К выносу тела я опоздал. Фрейлейн Туммермут в зеленом пальто и с таким же лягушачье-зеленым зонтом встретилась мне перед кафе «Д’Альбана», когда народ на площади уже расходился.
Пришлось угостить ее рюмкой шерри-бренди,
— Ах, он уже три дня сидит под арестом. В каталажке. За неосторожность. Это случается с молодыми людьми, и не только с неосторожными. То сидят в каталажке, то снова на свободе. — Она, ужасная жеманница, произнесла это, ничуть не жеманясь. — А что, собственно, вы скажете об этом огромном рояле?
— Рояле?
— Да, мне гроб показался ящиком, в котором перевозят рояль. Я на весь спектакль смотрела отсюда, из окна. Просто-таки здорово!
В ответ на мои слова, что я опоздал на церемонию, она рассказала диковинную историю, которую ей изложил сам комиссар Мавень. Да, адвокат Гав-Гав был некогда сведущим юристом, и, когда составлял завещание, видимо, кое-какие остатки знания еще сохранились в его проспиртованном мозгу (так выразился Мавень). И вот результат — интереснейший параграф, чудовищный параграф. Раздел А: в случае кончины завещателя всех его собак следует умертвить «безболезненно, посредством уколов». Раздел Б: если завещатель скончается вместе со своими собаками, например, в результате несчастного случая — «voil`a вершина чудовищного параграфа!» — останки завещателя и его — поименно перечисленных — спаниелей предать земле совместно в «ларе кедрового дерева». Если же законные наследники будут противиться исполнению этого параграфа, они лишаются наследства, которое целиком и полностью получает мистер Макайнточ (или что-то в этом роде), владелец питомника спаниелей в Абердине, Шотландия.
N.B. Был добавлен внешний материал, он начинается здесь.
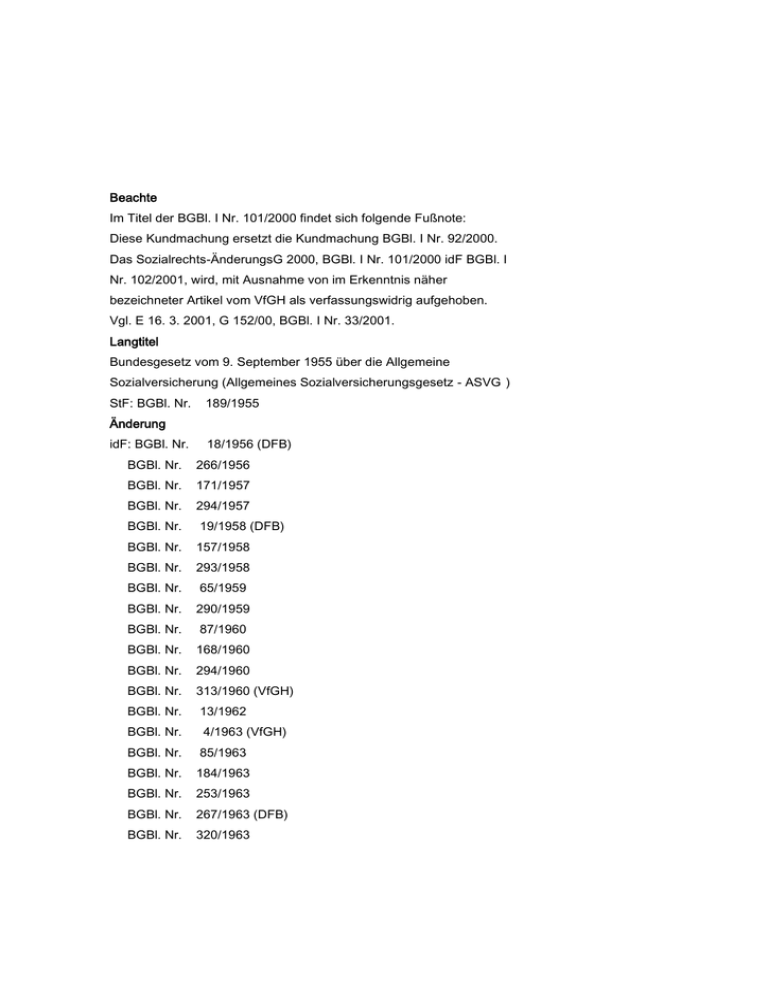 Beachte Im Titel der BGBl. I Nr. 101/2000 findet sich folgende Fußnote: Diese Kundmachung ersetzt die Kundmachung BGBl. I Nr. 92/2000. Das Sozialrechts-ÄnderungsG 2000, BGBl. I Nr. 101/2000 idF BGBl. I Nr. 102/2001, wird, mit Ausnahme von im Erkenntnis näher bezeichneter Artikel vom VfGH als verfassungswidrig aufgehoben. Vgl. E 16. 3. 2001, G 152/00, BGBl. I Nr. 33/2001. Langtitel Bundesgesetz vom 9. September 1955 über die Allgemeine Sozialversicherung (Allgemeines Sozialversicherungsgesetz - ASVG ) StF: BGBl. Nr. 189/1955 Änderung idF: BGBl. Nr. 18/1956 (DFB) BGBl. Nr. 266/1956 BGBl. Nr. 171/1957 BGBl. Nr. 294/1957 BGBl. Nr. 19/1958 (DFB) BGBl. Nr. 157/1958 BGBl. Nr. 293/1958 BGBl. Nr. 65/1959 BGBl. Nr. 290/1959 BGBl. Nr. 87/1960 BGBl. Nr. 168/1960 BGBl. Nr. 294/1960 BGBl. Nr. 313/1960 (VfGH) BGBl. Nr. 13/1962 BGBl. Nr. 4/1963 (VfGH) BGBl. Nr. 85/1963 BGBl. Nr. 184/1963 BGBl. Nr. 253/1963 BGBl. Nr. 267/1963 (DFB) BGBl. Nr. 320/1963 BGBl. Nr. 301/1964 BGBl. Nr. 81/1965 BGBl. Nr. 96/1965 BGBl. Nr. 108/1965 (VfGH) BGBl. Nr. 121/1965 (DFB) BGBl. Nr. 220/1965 BGBl. Nr. 260/1965 (VfGH) BGBl. Nr. 309/1965 BGBl. Nr. 134/1966 (VfGH) BGBl. Nr. 168/1966 BGBl. Nr. 5/1967 BGBl. Nr. 28/1967 (VfGH) BGBl. Nr. 67/1967 BGBl. Nr. 201/1967 BGBl. Nr. 256/1967 BGBl. Nr. 6/1968 BGBl. Nr. 168/1968 (DFB) BGBl. Nr. 282/1968 BGBl. Nr. 303/1968 BGBl. Nr. 313/1968 (VfGH) BGBl. Nr. 17/1969 BGBl. Nr. 353/1969 (VfGH) BGBl. Nr. 446/1969 BGBl. Nr. 385/1970 BGBl. Nr. 120/1971 (VfGH) BGBl. Nr. 373/1971 BGBl. Nr. 473/1971 BGBl. Nr. 162/1972 BGBl. Nr. 31/1973 BGBl. Nr. 23/1974 BGBl. Nr. 178/1974 BGBl. Nr. 399/1974 BGBl. Nr. 775/1974 BGBl. Nr. 303/1975 BGBl. Nr. 381/1975 (DFB) BGBl. Nr. 139/1976 (VfGH) BGBl. Nr. 704/1976 BGBl. Nr. 648/1977 BGBl. Nr. 188/1978 (VfGH) BGBl. Nr. 280/1978 BGBl. Nr. 342/1978 BGBl. Nr. 458/1978 BGBl. Nr. 598/1978 (VfGH) BGBl. Nr. 663/1978 (VfGH) BGBl. Nr. 684/1978 BGBl. Nr. 530/1979 BGBl. Nr. 196/1980 BGBl. Nr. 336/1980 (VfGH) BGBl. Nr. 585/1980 BGBl. Nr. 282/1981 BGBl. Nr. 588/1981 BGBl. Nr. 544/1982 BGBl. Nr. 647/1982 BGBl. Nr. 121/1983 BGBl. Nr. 135/1983 BGBl. Nr. 384/1983 BGBl. Nr. 590/1983 BGBl. Nr. 656/1983 BGBl. Nr. 438/1984 (VfGH) BGBl. Nr. 484/1984 BGBl. Nr. 55/1985 BGBl. Nr. 93/1985 BGBl. Nr. 104/1985 BGBl. Nr. 205/1985 BGBl. Nr. 217/1985 BGBl. Nr. 502/1985 (VfGH) BGBl. Nr. 71/1986 BGBl. Nr. 111/1986 BGBl. Nr. 253/1986 (VfGH) BGBl. Nr. 275/1986 (VfGH) BGBl. Nr. 388/1986 BGBl. Nr. 564/1986 BGBl. Nr. 158/1987 BGBl. Nr. 314/1987 BGBl. Nr. 605/1987 BGBl. Nr. 609/1987 BGBl. Nr. 616/1987 BGBl. Nr. 196/1988 BGBl. Nr. 283/1988 BGBl. Nr. 526/1988 (VfGH) BGBl. Nr. 749/1988 BGBl. Nr. 218/1989 (VfGH) BGBl. Nr. 282/1989 (DFB) BGBl. Nr. 364/1989 BGBl. Nr. 465/1989 (VfGH) BGBl. Nr. 642/1989 BGBl. Nr. 651/1989 BGBl. Nr. 660/1989 BGBl. Nr. 282/1990 (NR: GP XVII IA 366/A AB 1318 S. 143. BR: AB 3864 S. 530.) BGBl. Nr. 294/1990 (NR: GP XVII RV 1277 AB 1320 S. 143. BR: AB 3866 S. 530.) BGBl. Nr. 408/1990 (NR: GP XVII IA 428/A AB 1410 S. 148. BR: 3922 AB 3926 S. 532.) BGBl. Nr. 741/1990 (NR: GP XVIII IA 1/A AB 3 S. 3. BR: AB 3998 S. 534.) BGBl. Nr. 15/1991 (VfGH) BGBl. Nr. 24/1991 (NR: GP XVIII RV 16 AB 30 S. 7. BR: AB 4013 S. 535.) BGBl. Nr. 32/1991 (VfGH) BGBl. Nr. 70/1991 (NR: GP XVIII IA 63/A AB 55 S. 13. BR: AB 4021 S. 537.) BGBl. Nr. 157/1991 (NR: GP XVIII IA 99/A AB 85 S. 19. BR: AB 4028 S. 539.) BGBl. Nr. 243/1991 (VfGH) BGBl. Nr. 627/1991 (NR: GP XVIII IA 225/A AB 251 S. 44. BR: AB 4128 S. 546.) BGBl. Nr. 628/1991 (NR: GP XVIII RV 181 AB 261 S. 44. BR: AB 4130 S. 546.) BGBl. Nr. 676/1991 (NR: GP XVIII RV 284 AB 311 S. 47. BR: 4139 AB 4156 S. 547.) BGBl. Nr. 681/1991 (NR: GP XVIII IA 243/A AB 319 S. 47. BR: 4144 AB 4164 S. 547.) BGBl. Nr. 702/1991 (NR: GP XVIII RV 332 AB 346 S. 53. BR: AB 4187 S. 548.) BGBl. Nr. 474/1992 (NR: GP XVIII IA 362/A AB 631 S. 78. BR: 4337 AB 4328 S. 557.) BGBl. Nr. 833/1992 (NR: GP XVIII RV 735 AB 838 S. 90. BR: 4382 AB 4385 S. 562.) BGBl. Nr. 17/1993 (NR: GP XVIII IA 436/A AB 909 S. 99. BR: AB 4422 S. 563.) BGBl. Nr. 59/1993 (VfGH) BGBl. Nr. 110/1993 (NR: GP XVIII RV 776 AB 908 S. 100. BR: AB 4442 S. 564.) BGBl. Nr. 278/1993 (VfGH) BGBl. Nr. 335/1993 (NR: GP XVIII RV 932 AB 968 S. 114. BR: 4520 AB 4522 S. 569.) (EWR/Anh. XVIII: 379L0007) BGBl. Nr. 502/1993 (NR: GP XVIII RV 1194 AB 1222 S. 130. BR: AB 4617 S. 573.) BGBl. Nr. 917/1993 (K über Idat) BGBl. Nr. 20/1994 (NR: GP XVIII RV 1375 AB 1400 S. 144. BR: AB 4684 S. 578.) BGBl. Nr. 314/1994 (NR: GP XVIII RV 1469 AB 1556 S. 161. BR: AB 4777 S. 583.) BGBl. Nr. 450/1994 (NR: GP XVIII RV 1590 AB 1671 S. 166. BR: AB 4794 S. 587.) (EWR/Anh. XVIII: 378L0610, 380L1107, 388L0642, 391L0322, 382L0605, 383L0477, 391L0382, 386L0188, 388L0364, 389L0391, 389L0654, 389L0655, 389L0656, 390L0269, 390L0270, 390L0394, 390L0679, 391L0383, 392L0057, 392L0058 und 392L0104) BGBl. Nr. 505/1994 (NR: GP XVIII RV 1334 AB 1608 S. 168. BR: AB 4818 S. 588.) BGBl. Nr. 665/1994 (NR: GP XVIII RV 1656 AB 1798 S. 171. BR: AB 4894 S. 589.) BGBl. Nr. 680/1994 (NR: GP XVIII RV 1624 AB 1826 S. 172. BR: AB 4863 S. 589.) BGBl. Nr. 43/1995 (NR: GP XIX RV 45 AB 62 S. 11. BR: 4958 und 4959 AB 4945 S. 593.) BGBl. Nr. 132/1995 (NR: GP XIX IA 126/A AB 82 S. 16. BR: AB 4967 S. 595.) BGBl. Nr. 297/1995 (NR: GP XIX RV 134 AB 149 S. 32. BR: 4996, 4997, 4998 AB 5002 S. 598.) BGBl. Nr. 475/1995 (NR: GP XIX RV 224 AB 257 S. 41. BR: AB 5037 S. 602.) BGBl. Nr. 832/1995 (NR: GP XIX IA 409/A AB 381 S. 57. BR: AB 5117 S. 606.) BGBl. Nr. 853/1995 (NR: GP XIX IA 407/A AB 389 S. 57. BR: AB 5121 S. 606.) BGBl. Nr. 895/1995 (NR: GP XIX IA 437/A AB 382 S. 57. BR: 5109 AB 5118 S. 606.) BGBl. Nr. 153/1996 (NR: GP XX IA 124/A AB 64 S. 10. BR: 5144 AB 5148 S. 611.) BGBl. Nr. 201/1996 (NR: GP XX RV 72 und Zu 72 AB 95 S. 16. BR: 5161, 5162, 5163, 5164 und 5165 AB 5166 S. 612.) BGBl. Nr. 411/1996 (NR: GP XX RV 214 AB 286 S. 35. BR: 5214 AB 5226 S. 616.) BGBl. Nr. 417/1996 (NR: GP XX IA 242/A AB 301 S. 35. BR: AB 5233 S. 616.) BGBl. Nr. 600/1996 (NR: GP XX IA 289/A AB 325 S. 40. BR: 5273 A

Вот почему из дома, что напротив, вынесли такой большой ящик и поставили в обитый черным грузовик.
— Он как раз сейчас спускается в Берджель.
Там внизу, в Сольо, родовом поместье де Коланы, есть крошечное чудное кладбище, где вся семья издавна хоронила своих охотничьих собак.
— L’avvocato Гав-Гав похоронят на собачьем кладбище. Ну прямо-таки здорово! И уж понятно, никто из духовенства не сопровождает его.
— Концовка «Юного Вертера», — заметил я.
— Юного Вертера? — переспросила Туммермут. — Такого не знаю.
Я высадил ее у Пьяцагалли, куда только что зашел и доктор Тардюзер. С какой-то странно-торжественной усмешкой он крикнул мне:
— Печально, но забавно! Вот когда католическая медвежья лапа наконец-то справилась с протестантским павлиньим хвостом!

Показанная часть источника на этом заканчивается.